I was always under the impression disc brakes were better. Oops


----------



## Frosties (11 Aug 2011)

Fantastic bike there... I do a bit of trail biking myself and infact when I was in Borneo over 60% of the time was in the saddle... I would have paid well to get something like this out there. However we had the GIANT range and BOULDER model of bikes. These are about £250 to £350 brand new... This Marin - I would expect even on Ebay to top the £250 mark so go for it... you may get a bloody good deal...

Oh and V-brakes over Disk brakes is a personal perception... V brakes are brilliant on sandy surfaces - however in the wet they are rubbish. Disk brakes are brilliant in the mid - but if you get wet slimy gunk on the disk... forget stopping at all!!! Trust me I know - I ploughed into a police car in Borneo after I came out of the rain forest trail on a wet day! long story - funny as hell... For some reason though - the policeman did not see it that way!


----------



## Alastair (11 Aug 2011)

Frosties said:
			
		

> Fantastic bike there... I do a bit of trail biking myself and infact when I was in Borneo over 60% of the time was in the saddle... I would have paid well to get something like this out there. However we had the GIANT range and BOULDER model of bikes. These are about £250 to £350 brand new... This Marin - I would expect even on Ebay to top the £250 mark so go for it... you may get a bloody good deal...
> 
> Oh and V-brakes over Disk brakes is a personal perception... V brakes are brilliant on sandy surfaces - however in the wet they are rubbish. Disk brakes are brilliant in the mid - but if you get wet slimy gunk on the disk... forget stopping at all!!! Trust me I know - I ploughed into a police car in Borneo after I came out of the rain forest trail on a wet day! long story - funny as hell... For some reason though - the policeman did not see it that way!

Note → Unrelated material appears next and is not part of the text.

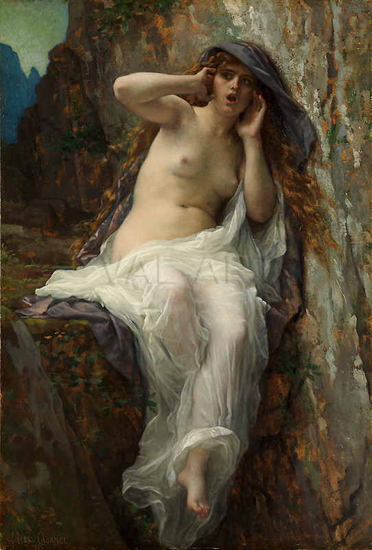 Александър Кабанел (1823–1889) е френски академичен художник, известен със своите изпипани и педантично изпълнени исторически, митологични и алегорични картини. Той е видна фигура във френската академична художествена сцена на 19-ти век и постига значителен успех и признание през живота си. Кабанел се придържа към академичния стил на рисуване, който се характеризира с педантично внимание към детайлите, прецизно изобразяване и гладък, полиран завършек. Картините му често демонстрират майсторство на анатомията и задълбочено разбиране на класическата естетика. Той получава множество награди и отличия през цялата си кариера, включително Ордена на Почетния легион. Докато Кабанел се радва на широк успех през живота си, неговата отдаденост на академичните традиции го прави мишена за критика през по-късната част на 19-ти век, когато авангардните движения оспорват академичните норми. През 20-ти век репутацията му претърпява упадък поради възхода на модернистичните движения, но през последните години се наблюдава подновен интерес към творчеството му, като историците на изкуството преоценяват приноса му към академичното изкуство на 19-ти век.

I would have got a good deal if the seller hadn't ended the auction   I'm gutted now and can't seem to find that model anywhere. 
I thought so too with the disc brakes, my current one has them, and like today, me and my little girl went out riding, it's pouring with rain and my bike was stopping as normal, hers with v brakes was not doing so well ha ha. Shouldn't laugh as she went into the style along the path....oops!
Ahhh well you know policeman, there sense of humour changes somewhat when they become one ( no offence to anyone on here that is one, your all still very nice   ) ha ha


----------



## plantbrain (12 Aug 2011)

V brakes are easier to adjust and fix in general if you are out 20 km from civilization.
I've never had issues with them, Dsic? Try changing the pads and bleedign rhe hydrulic type once ina while.....sucks.

the V barkes can be had for pretty cheap. Try the cable Disc for now.........might be all you need. We have a 2000 meter decent here through the forest about 1 hour drive, 30-35km of nothing but descending, I'm more X country, but the ride is funner than anything, the ski resorts around Lake Tahoe are 1-1.5 hours away also, so all summer long.....

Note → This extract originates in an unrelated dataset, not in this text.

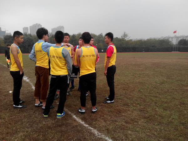 图为:我分院队员正在商量策略 上半场结束后,电信学院以3比0的比分领先。稍作休息后,精彩的下半场球赛开始,拉拉队们纷纷为自己支持的队伍呐喊助威。双方队员你争我抢,几个精彩的射门赢得场外观众的喝彩。最终电信学院以11比2的比分获得了此次比赛的胜利。虽然我分院战败,但大家都秉着“友谊第一,比赛第二”的原则,赛出了风格,赛出了水平。感谢今天在场上奋力奔跑的球员们,分院为你们感到骄傲。

Ironically, MTB is safer and less likely to die than Road cycling.

I have a sub 10kg Cannondale carbon Scapel. I'm into it though.


----------



## Frosties (12 Aug 2011)

Now that's a nice bike! 

Shame about the auction. Keep looking!


----------



## Alastair (12 Aug 2011)

plantbrain said:
			
		

> V brakes are easier to adjust and fix in general if you are out 20 km from civilization.
> I've never had issues with them, Dsic? Try changing the pads and bleedign rhe hydrulic type once ina while.....sucks.
> 
> the V barkes can be had for pretty cheap. Try the cable Disc for now.........might be all you need. We have a 2000 meter decent here through the forest about 1 hour drive, 30-35km of nothing but descending, I'm more X country, but the ride is funner than anything, the ski resorts around Lake Tahoe are 1-1.5 hours away also, so all summer long.....
> ...



It's all built up where I live for miles around and so isn't really ideal for road cycling unless I take the risk of being hit by a car....
I'm going to have to think really hard on what to get then and may just have to invest in a brand new one then. Looking at this site http://www.discountcyclesdirect.co.uk/i ... ?cPath=141 can anyone point me in the right direction. There's lots to choose from. I only have a budget of between 4 to 5 hundred but want as much as possible for that. Ideally, something that I could nip onto the road to hop between trails etc


----------